Look below for the line that has "圖5.錳對00Cr25Ni5Mo3N(URANUS50)鋼σ相形成傾向的影響"; output exactly from it through the line that has "of Maryland) |", and leave the pictures out.
===== STUDY MATERIAL
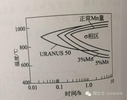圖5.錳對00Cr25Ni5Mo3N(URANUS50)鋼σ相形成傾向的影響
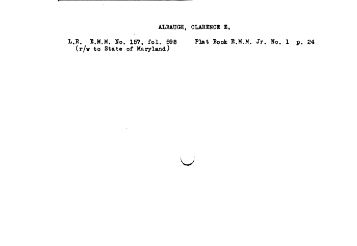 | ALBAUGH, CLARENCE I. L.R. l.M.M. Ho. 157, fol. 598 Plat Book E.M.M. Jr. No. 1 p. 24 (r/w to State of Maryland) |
==========
===== STUDY MATERIAL
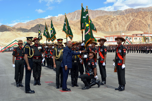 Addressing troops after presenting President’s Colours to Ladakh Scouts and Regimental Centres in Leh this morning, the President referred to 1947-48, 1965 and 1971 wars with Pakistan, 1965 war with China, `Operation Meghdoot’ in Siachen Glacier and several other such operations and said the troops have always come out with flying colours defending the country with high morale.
==========
_ANSWER TO THIS PROBLEM_
圖5.錳對00Cr25Ni5Mo3N(URANUS50)鋼σ相形成傾向的影響
 | ALBAUGH, CLARENCE I. L.R. l.M.M. Ho. 157, fol. 598 Plat Book E.M.M. Jr. No. 1 p. 24 (r/w to State of Maryland) |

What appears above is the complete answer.